Asheville music: War on Drugs, Devon Allman, Del McCoury, Maren Morris – Citizen Times

Grammy-award winning rock outfit The War on Drugs has a longstanding love for Asheville. 
The band, which will play at 7 p.m. June 15 at Rabbit Rabbit, have performed in town for more than a decade. 
“Asheville has been a really important place for our band,” band leader and singer Adam Granduciel said. “The first time we played there was the Transfiguration Festival in 2008 for Harvest Records and we fell in love with Asheville. We came back several times and played at The Grey Eagle and we loved Asheville so much that we spent a lot of time recording at Echo Mountain (Studios) for our ‘Slave Ambient’ and ‘Lost In The Dream’ records, and we’ve played The Orange Peel. Our bass player Dave (Hartley) lives in Asheville now. So, it’s just been one of those places that our whole career it has been an important place. Lots of memories.” 
Granduciel and his bandmates began to tour heavily in January to support their newest release, “I Don’t Live Here Anymore,” which was released last October.

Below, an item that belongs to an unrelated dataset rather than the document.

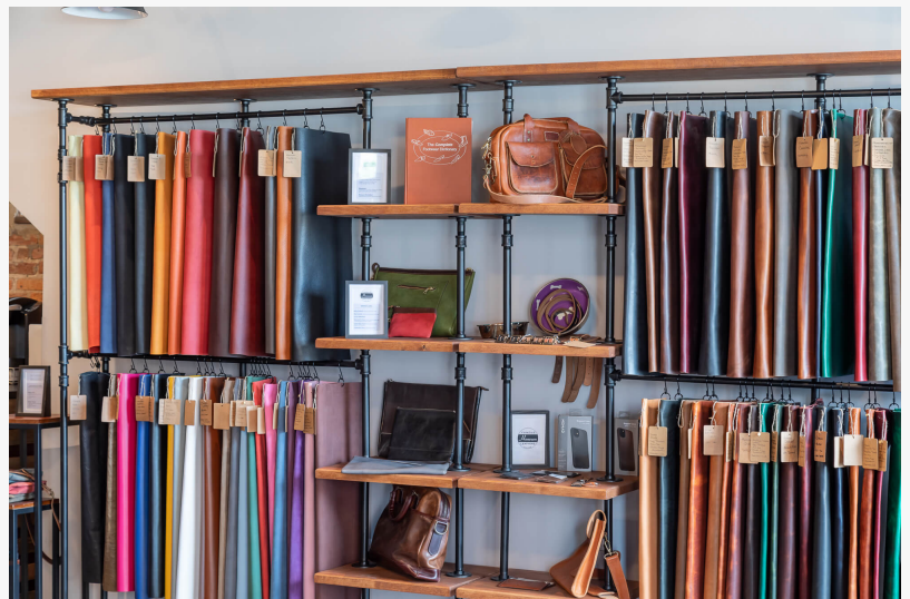
Leather Display at The Tannery Row Showroom

The album made several end-of-the-year best-of lists and garnered high reviews, and every song has been streamed more than 2 million times each on Spotify. 
Granduciel worried a little about how the band would play some of the new and more complex songs live, but tracks like “I Don’t Wanna Wait,” “Living Proof” and “Victim” have fell into the group’s “sweet spot,” Granduciel said. 

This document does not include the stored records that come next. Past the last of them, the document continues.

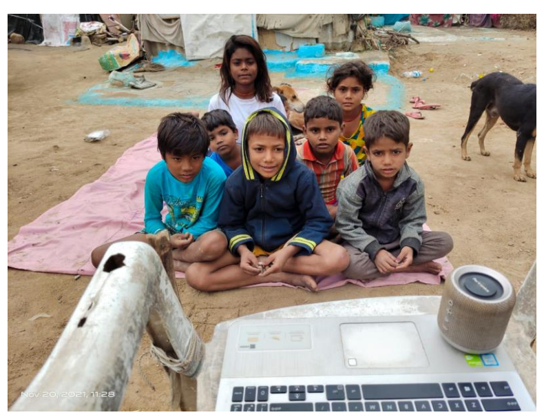
Children of Slum watching the online session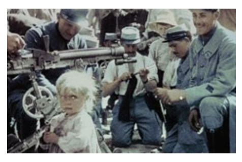
Still from Apocalypse Episode 1: No fear next to the terrible Hotchkiss machine gur

The French Institute of South Africa brings South Africans this absorbing documentary series on five consecutive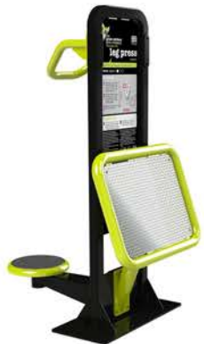
Item 2: Oblique

The War on Drugs have played more than 70 shows, he said, since the start of the year, beginning its tour when the country was battling the omicron variant of COVID-19. 
“It was clear that anyone there wanted to be there,” he said of fans. “The days of having to prove ourselves or feeling like some people are there because they heard it might be good, all went out the window. People were there to see our band and that kind of loosened me up a little bit.” 

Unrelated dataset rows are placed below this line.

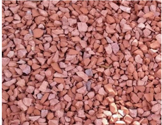
Figure 3: Low – quality crushed brick aggregate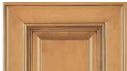
Almond Mocha Glaze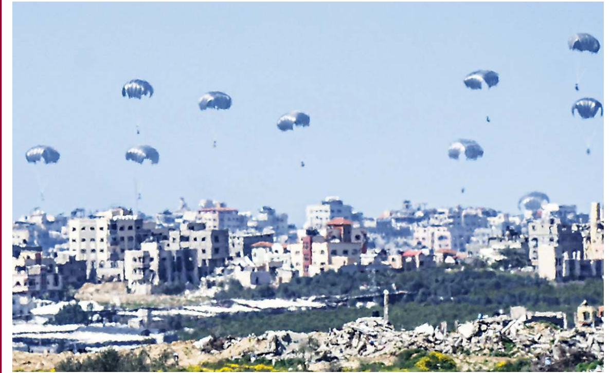
Parachutes drop supplies into the northern Gaza Strip, as seen from southern Israel, Sunday, March 10.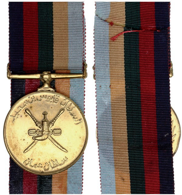
4217* Oman , Sultan's Bravery Medal. Some tone spots and ribbon with glue residue, otherwise good very fine and scarce.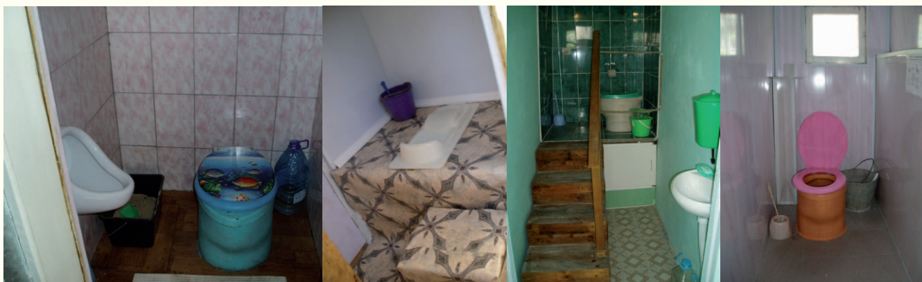
Figure 4: Indoor toilets

The War on Drugs, which also includes Robbie Bennett (keyboards), Charlie Hall (drums), Jon Natchez (saxophone, keyboards), Anthony LaMarca (guitar) and Eliza Hardy Jones (keyboards), won the Grammy for Best Rock Album in 2017. Granduciel had begun work on “I Don’t Live Here Anymore,” right before winning the award. 
“After a year, when I had a lot of material, I felt pretty good, not about whether or not I was going to get a Grammy,” he said, “but about following up a popular record with material that I thought was an improvement and was a good reflection of what the band has become.” 
Singer Maren Morris arrived on the country music scene with a self-released EP in 2015 and a Grammy win in 2016 for “My Church.” Morris then crossed over to the pop world as the singer on the track “The Middle.” 
Now she is one of music’s brightest stars, and her March album release, titled “Humble Quest,” hit No. 2 on the country charts. 
She will perform at 7 p.m. June 10 at Rabbit Rabbit with Brent Cobb opening the night. 
The Devon Allman Project brings together a large palette of great Southern-bred music, from The Allman Brothers Band to the solo material of his father, Gregg, to Devon’s own music. 
This night of entertaining rock and roll comes to town when The Devon Allman Project plays at 7 p.m. June 12 at Salvage Station with openers Ross Osteen Band. The group features the two Allman Betts Band drummers, bass, Hammond B3 organ and piano, and another guitarist. 
The husband-and-wife duo of KP and Johnny Hawthorn, who perform as The HawtThorns, have been around the music business for years before they released their debut in 2019. 
The duo, who have moved to Nashville from California, recently released a second record, titled “Tarot Cards and Shooting Stars,” and are touring to support their Americana music. 
The HawtThorns will play at 7 p.m. June 11 at Isis Music Hall.
Del McCoury is one of the most recognized names, and voices, in bluegrass. McCoury, who was born in North Carolina, is a member of the International Bluegrass Music Hall of Fame. 
One of his first big breaks was playing with Bill Monroe’s Blue Grass Boys. But he’s been performing with his sons since the 1980s. 
The Del McCoury Band will play at 7 p.m. June 11 at Silverado’s in Black Mountain.